Only the lines below from the one containing "ニット 長袖 フリル 体型カバー" through the one containing "Рама, обшитая, с" belong in the answer, set down exactly, with the pictures left out.

Data:
· · · · · · ·

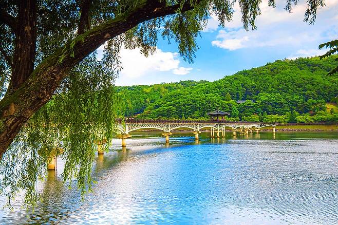 햇빛이 비치는 낮의 월영교는 주변 산과 하늘이 물 위에 비춰 더욱 아름답습니다.
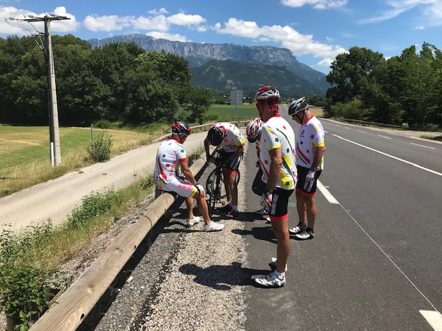 Les plus affĂ»tĂ©s ( Erik B, Dominique F, Guy D, Jean Luc S et Oreste) enchaĂźneront les 3 cols …Le reste de la troupe roule au feeling et nous verrons bien au fil des kms comment nous dessinerons la suite du parcours …
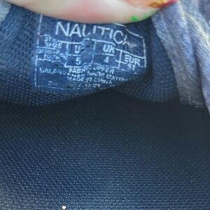 Nautica boat shoes in a sleek blue. Features lace-up design and white soles.
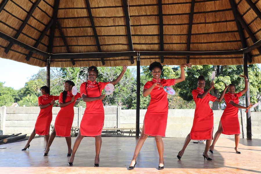 Zimbabweans wearing qipao put on a dance show at the 2019 Hangzhou Global Qipao Festival at the Arc de Triomphe in Paris, France on June 19. [Photo provided to chinadaily.com.cn]
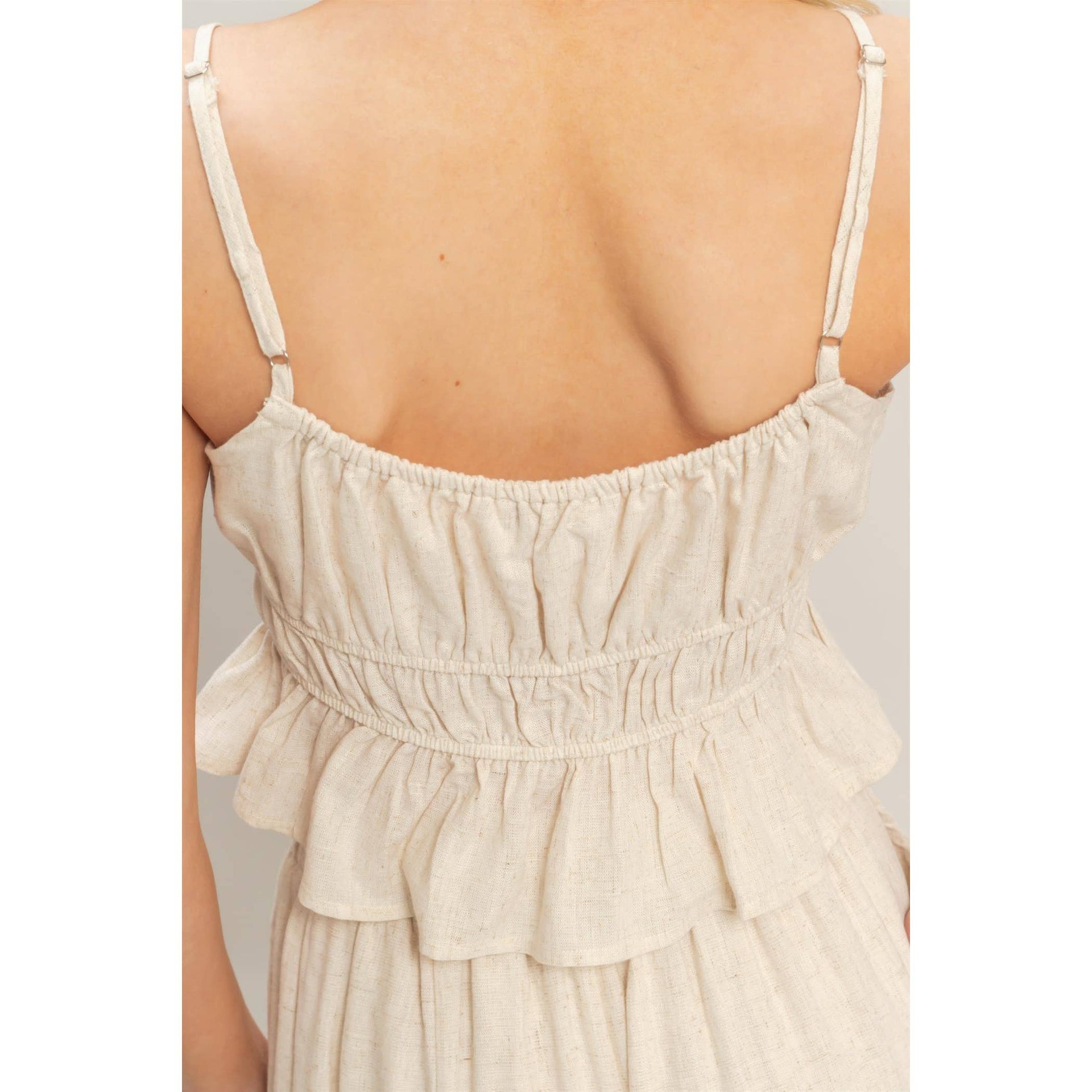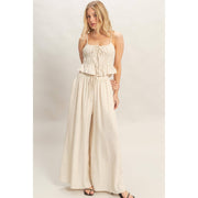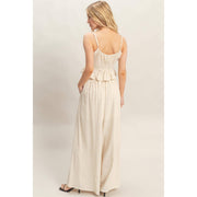 This two-piece set features a tiered, spaghetti strap tank and flowing palazzo pants with a drawstring waist. Pair it with strappy sandals for an easy summer ensemble.
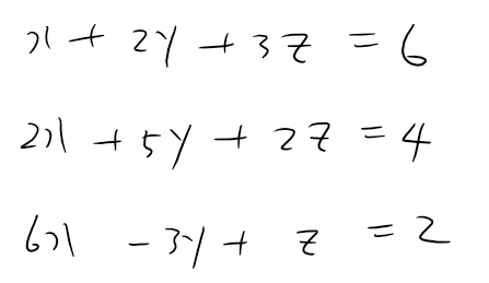 미지수가 3개, 방정식이 3개인 선형 시스템을 생각해볼까요?
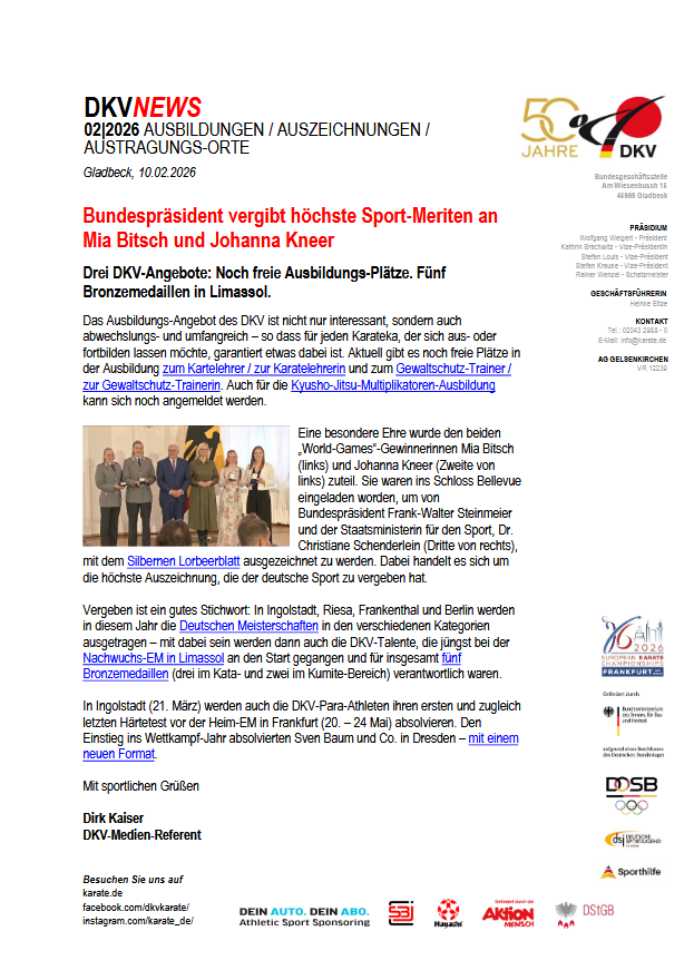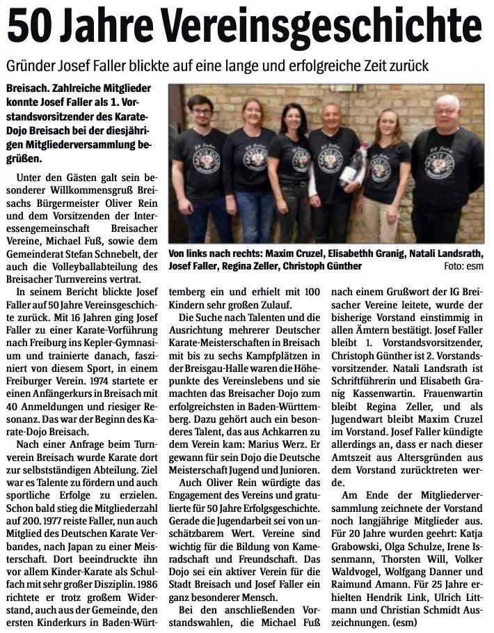 Für besondere Verdienste und 50-jährige ehrenamtliche Vereinstätigkeit erhielt das Karate Dojo Breisach die Ehrenurkunde mit Ehrenmedallie in Gold vom Deutschen Karate Verband. J. Faller erhielt für seine ehrenamtliche Tätigkeit die Ehrenurkunde. Vom BSB-Präsidenten erhielt Faller den Ehrenteller mit dem Badischen Greifen in Silber, dem Wappentier des Hauses und Landes Baden.Vor allem dankte Herr Fleischer Faller für seinen unermüdlichen Einsatz und ehrenamtliche Tätigkeit, so wie den Großartigen Erfolgen auf Landes- und Bundesebene.
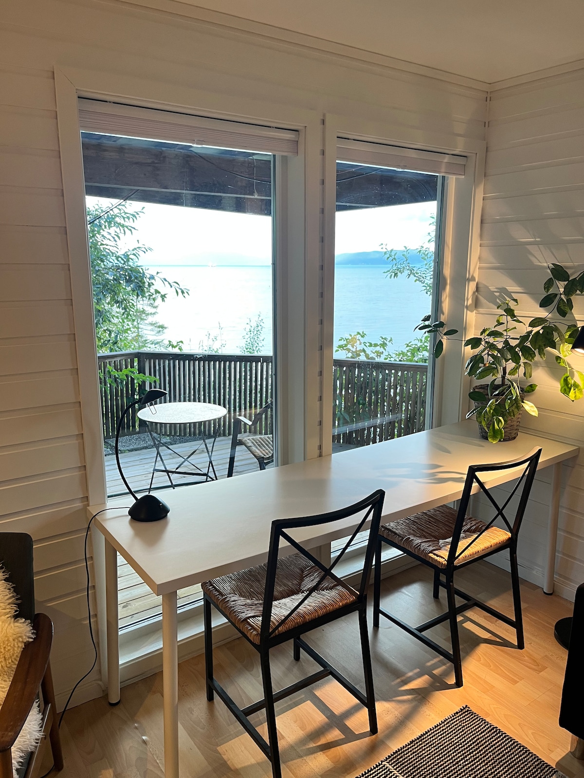 Escape to our modern, 130m2 holiday home with spectacular waterfront views of the Trondheimsfjord. Located at the end of a quiet road just 80 mins from Trondheim, this private retreat offers a peaceful getaway. The bright, airy space features 2+ bedrooms, a winter garden, and two large terraces, comfortably accommodating families or groups seeking tranquility and stunning scenery.
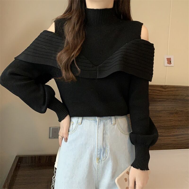 ニット 長袖 フリル 体型カバー 着痩せ オフショルダー カットソー sweet系 カットソー 羽織り トップス 肩あき 肩出し 肩見せ
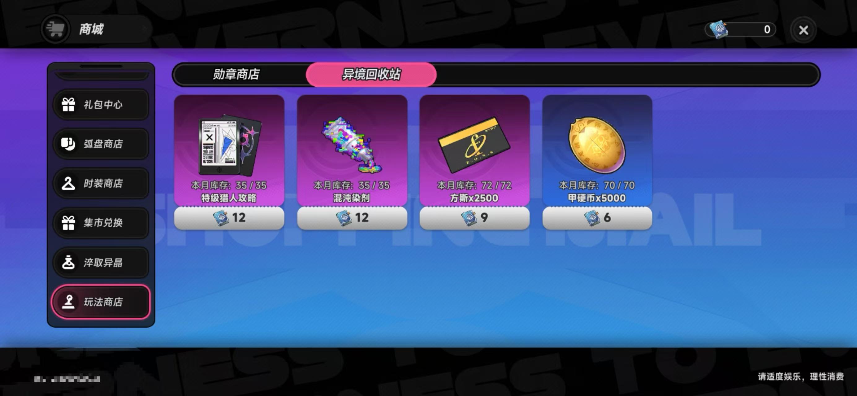 异境回收站位于游戏商城界面底部,进入商城后下滑至末位选项“玩法商店”,点击进入后选择第二项即可直达。需注意的是,所有兑换行为均依赖“异境代币”,该货币无法直接购买,仅能通过提升角色战力、完成高难度异境挑战后稳定产出。战力达标后,代币获取效率显著提升,为后续资源兑换奠定基础。
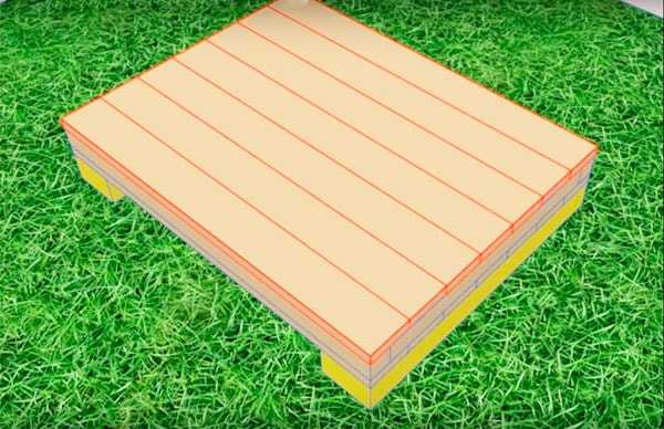 Рама, обшитая, с одной стороны, досками, переворачивается брусками вверх. Ее внутренняя часть застилает пергамином, который фиксируется с помощью скоб из степлера. Затем осуществляется укладка пенопласта между брусьями. Этот материал вырезается в соответствии с размерами рамы, а его толщина должна быть равна высоте брусьев. Потом утеплитель укрывается слоем пергамина и создается чистовой пол.
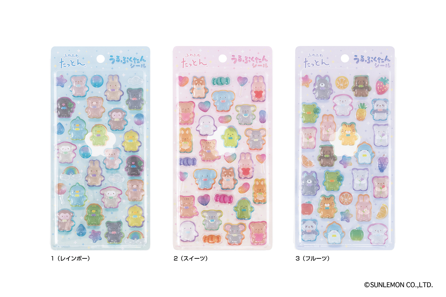 「うるぷくたんシール ふわふわたっとん」はサンレモンの大人気ぬいぐるみのたっとんに、レインボー、スイーツ、フルーツの各モチーフを散りばめた、全3種類のうるうるでぷくぷくなシールです。

· · · · · · ·

Result:
 ニット 長袖 フリル 体型カバー 着痩せ オフショルダー カットソー sweet系 カットソー 羽織り トップス 肩あき 肩出し 肩見せ
 异境回收站位于游戏商城界面底部,进入商城后下滑至末位选项“玩法商店”,点击进入后选择第二项即可直达。需注意的是,所有兑换行为均依赖“异境代币”,该货币无法直接购买,仅能通过提升角色战力、完成高难度异境挑战后稳定产出。战力达标后,代币获取效率显著提升,为后续资源兑换奠定基础。
 Рама, обшитая, с одной стороны, досками, переворачивается брусками вверх. Ее внутренняя часть застилает пергамином, который фиксируется с помощью скоб из степлера. Затем осуществляется укладка пенопласта между брусьями. Этот материал вырезается в соответствии с размерами рамы, а его толщина должна быть равна высоте брусьев. Потом утеплитель укрывается слоем пергамина и создается чистовой пол.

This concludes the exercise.